Okay, so how is the great depression sidestepped and where do things go from there?
 

B-29_Bomber

Banned
The biggest PoD is avoid WWI. Without WWI and US involvement the US wouldn't be suffering from overproduction, industrially and Agriculturally.

But with a PoD after WWI, all you can really do is make the depression less devastating. The US was going to have a downturn. By 1929 the only thing propping up the economy at this point was speculation on Wall Street. Once that goes, there goes the neighborhood.
 

GeographyDude

Gone Fishin'
I think I'd like to have POD(s) starting 1919. You still have the same disastrous Treaty of Versailles, but over time it's modified.

And the waves of influenza pandemic in 1918-19 highly motivates medical research.
 
Have the U.S. forgive British & French war debt?

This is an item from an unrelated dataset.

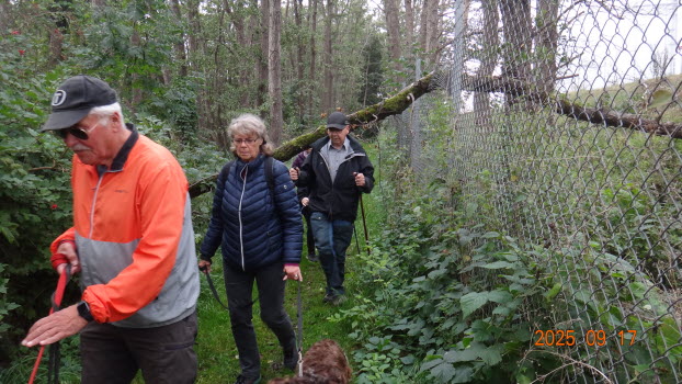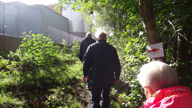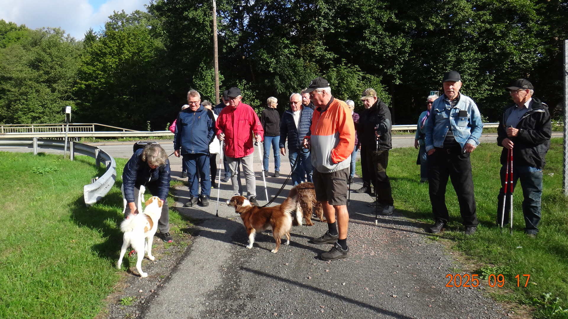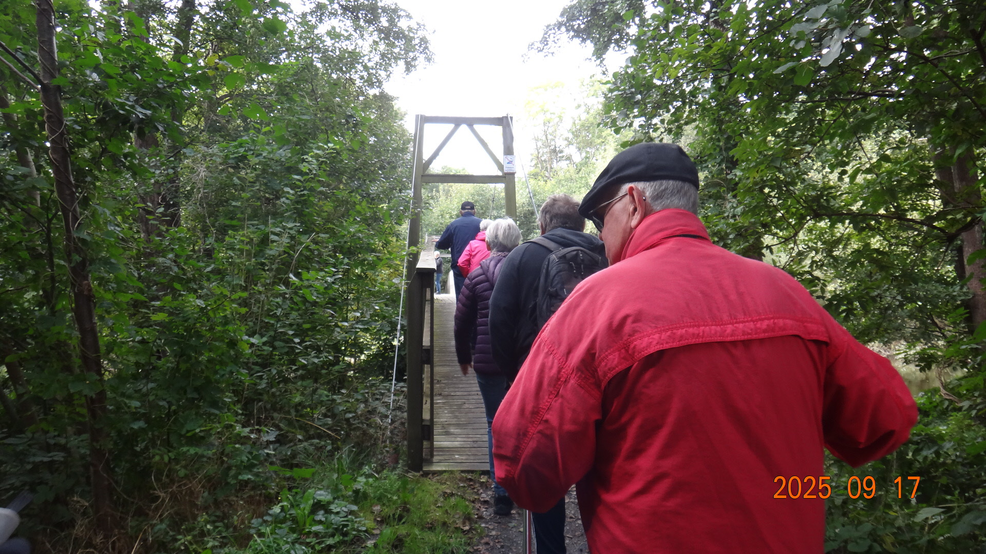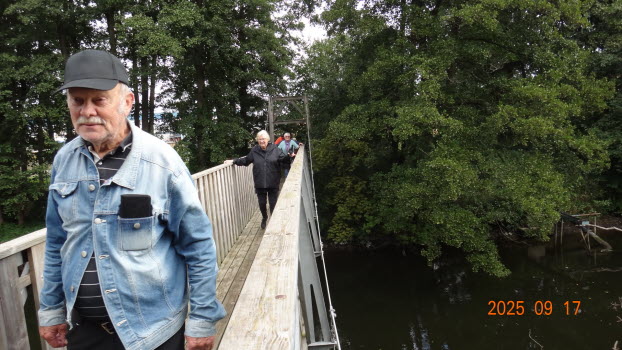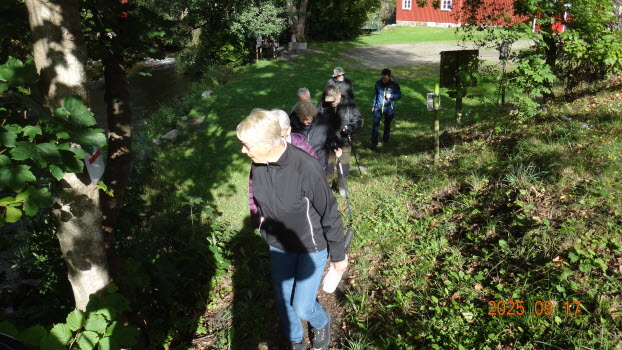 Efter att vi samlats vid Folkets hus samåkte vi till Nymölla Bruks parkeringsplats. Därifrån gick vi ut till Oxudden längs ån (en bit av Lilla Kungsleden) och tillbaka via hängbron och Nymölla samhälle. Det blev 3,5 km. Vinden var frisk från väst, mulet och emellanåt lätta regnskurar., 16-17°C. 20 medlemmar kom.

And what about even bigger spending by a Democratic PotUS in '32-40?
 

GeographyDude

Gone Fishin'
And look at the potential upside! The rise of the Nazi party needed both the Treaty of Versailles and the Great Depression, as well as quite a bit of 'good' luck along the way. If the depression is a smaller blip and more quickly recovered from, this small little dopesville party with a bellicose leader never comes within a country mile of gaining real political power. And in various dystopian timelines where it does, people are likely to call ASB.

And furthermore, the First World War with the prior shifting alliances and the whole tinderbox, that was the one which was difficult to prevent. WWII seems like the easier one to prevent.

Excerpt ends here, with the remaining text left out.